= Máttaráhkká =

Mother goddess in Sámi shamanism

Máttaráhkká as depicted on a Sámi drum.

Máttaráhkká (also Maderakka, Madderakka and Maadteraahka; lit. 'origin woman') is a mother goddess in Sámi shamanism. She lives in the ground under the goahti. She is connected to childbirth and has been said to give child its body and make female humans and animals fertile. It's been recorded drinks were offered to her so she'd be merciful towards a pregnant woman.

In Western Sápmi, she was thought to have three daughters: Sáráhkká, Juoksáhkká and Uksáhkká. In Eastern Sápmi, such as in the area of modern-day Finland, these daughters were not known. This has led some researchers to conclude the daughters were born out of later Scandinavian influence.

According to Christfried Ganander in 1789, Máttaráhkká received a child from Radien-attje and gave it life, handing it over to Sáráhkká who then put it in the woman's womb. Her, as well as her daughters, are primarily known as helpers of women. After the arrival of Christianity, she came to be associated with Virgin Mary.
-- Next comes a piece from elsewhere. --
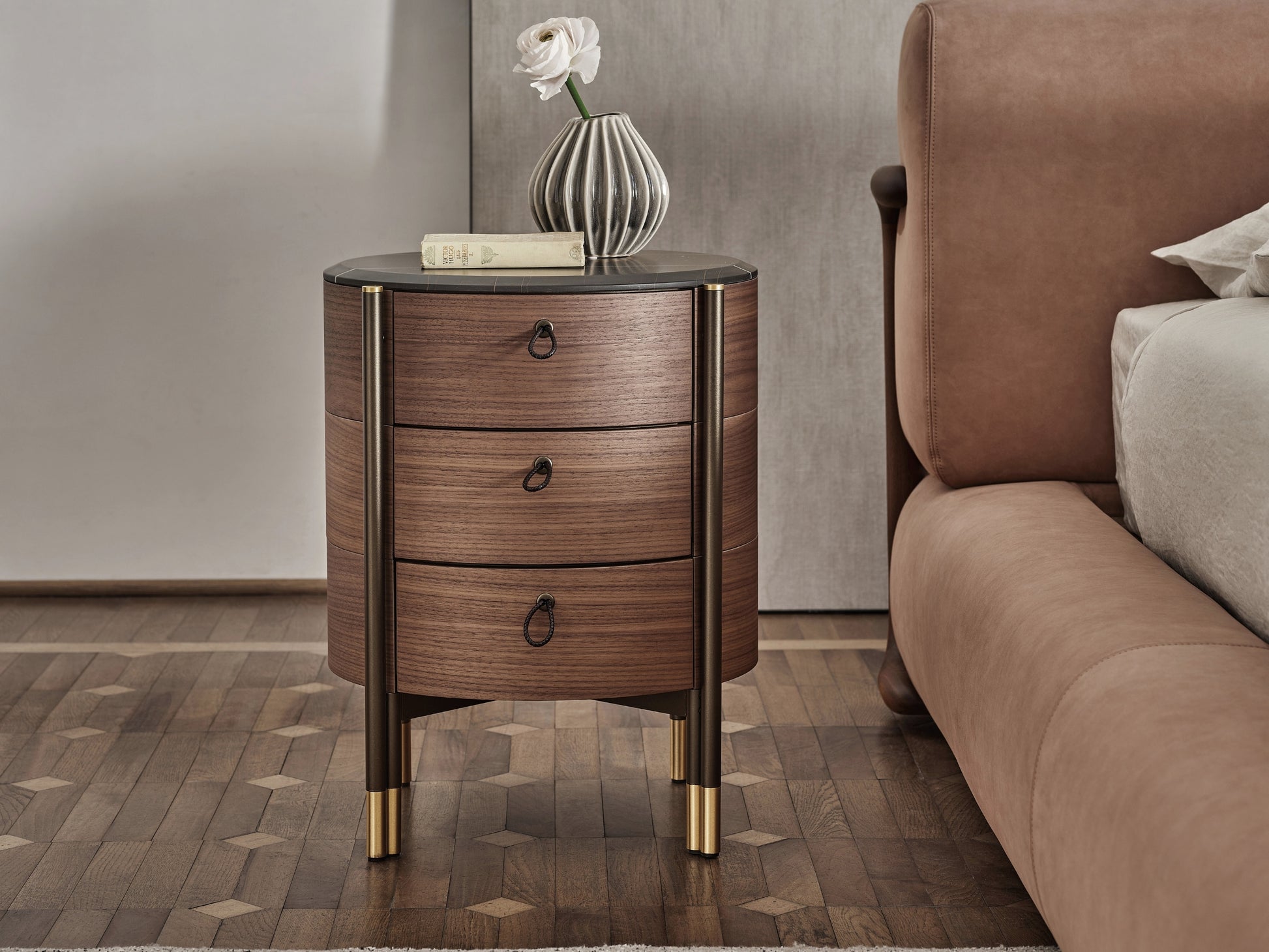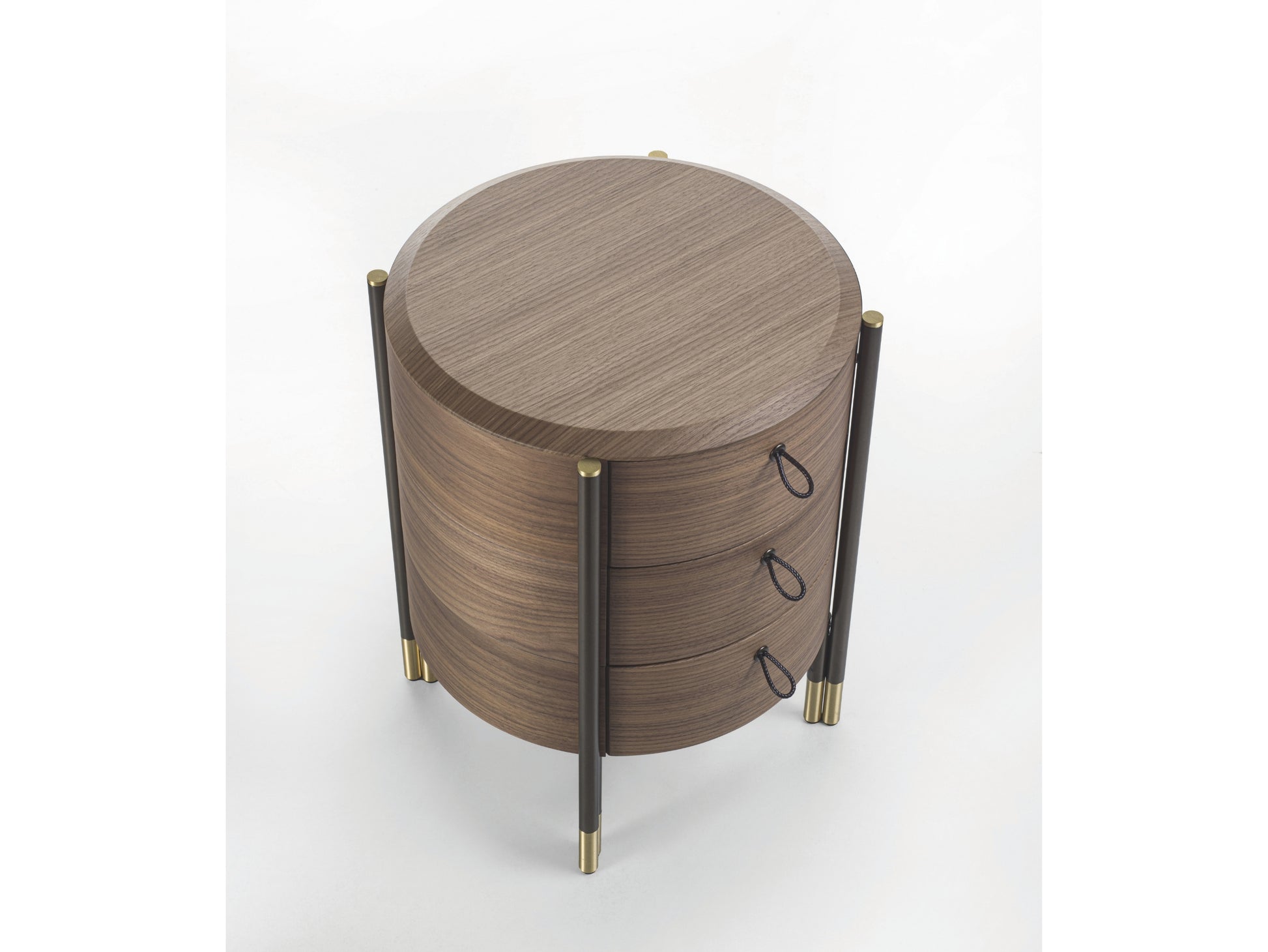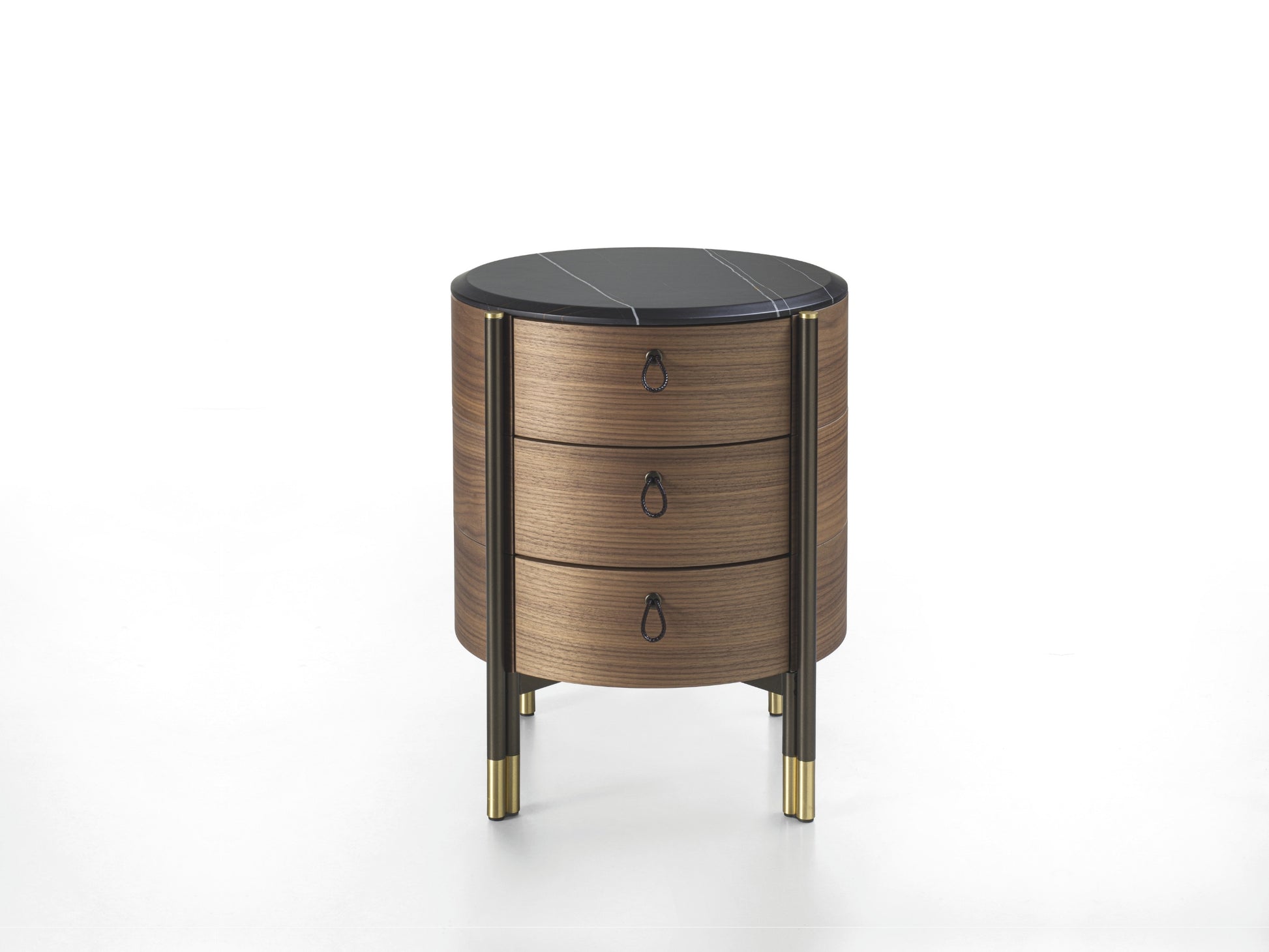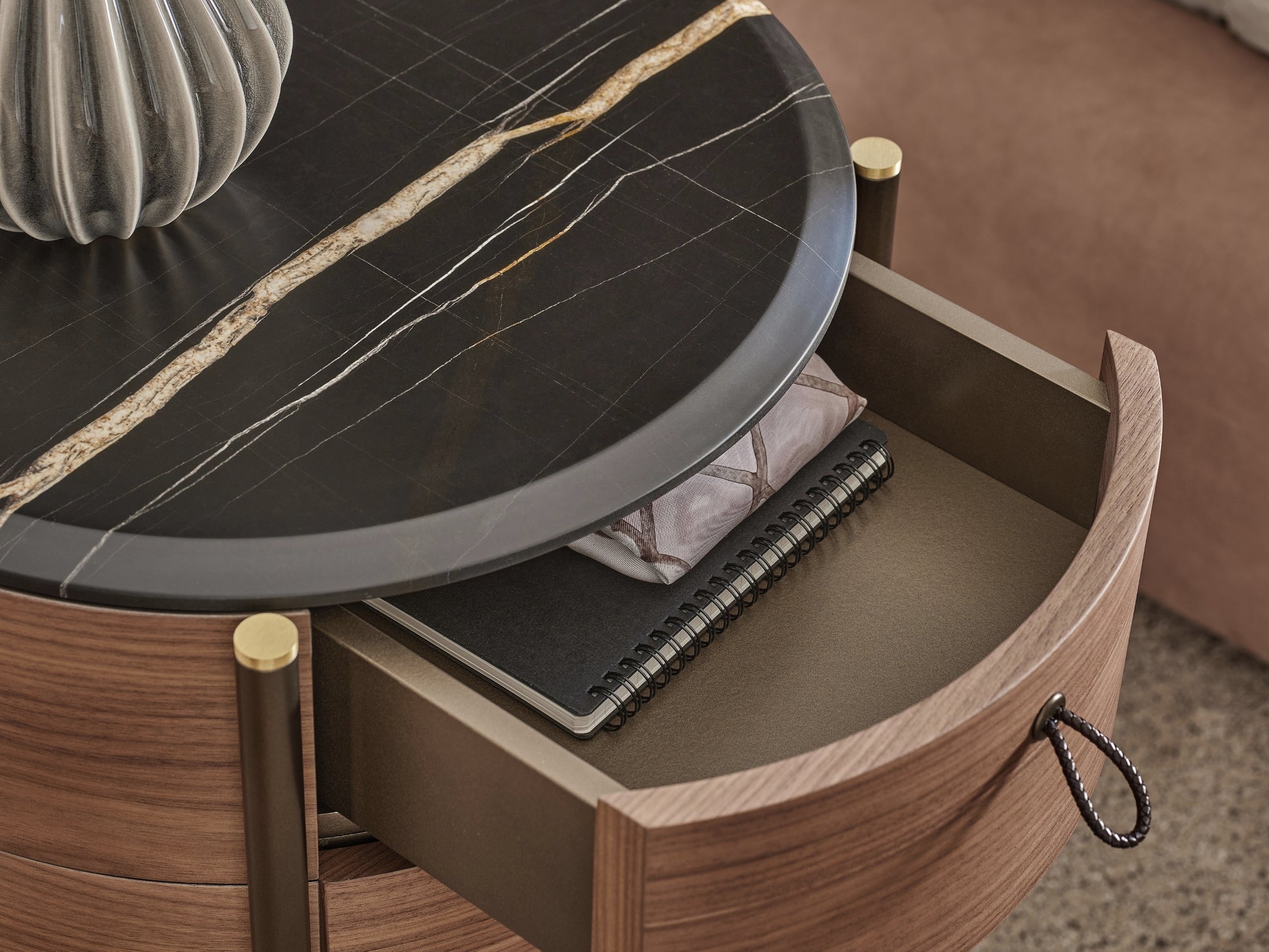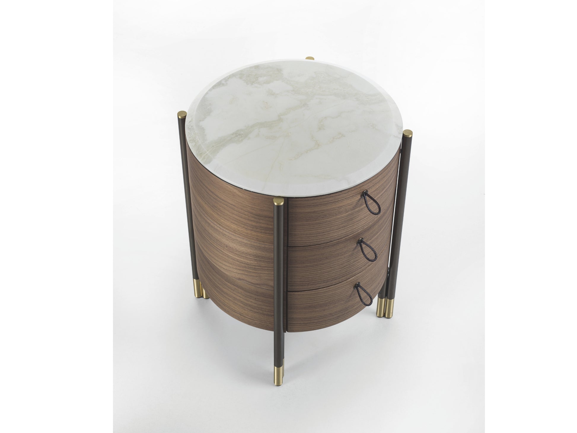 The round bedside table in canaletta walnut is completed with a wooden or marble top. The drawers feature dark brown leather handles with scoubidou effect, while the interior is lacquered with scratch-resistant titanium colour for added durability, perfect for everyday use. The Bronzoro metal base with brushed brass tips represents a signature feature across the entire Bayus collection.

On some Sámi drums, she is given the husband Máttaráhttje, but he has a much smaller role and has thus been assumed to be a later addition.

The Sámi of Kola Peninsula had the word mändir-ähke ("parent's grandmother"), due to which Kaarle Krohn thought that Máttaráhkká (as well as the Finnish Manteren akka) was originally a female ancestor buried in the ground and worshipped by later generations, primarily women.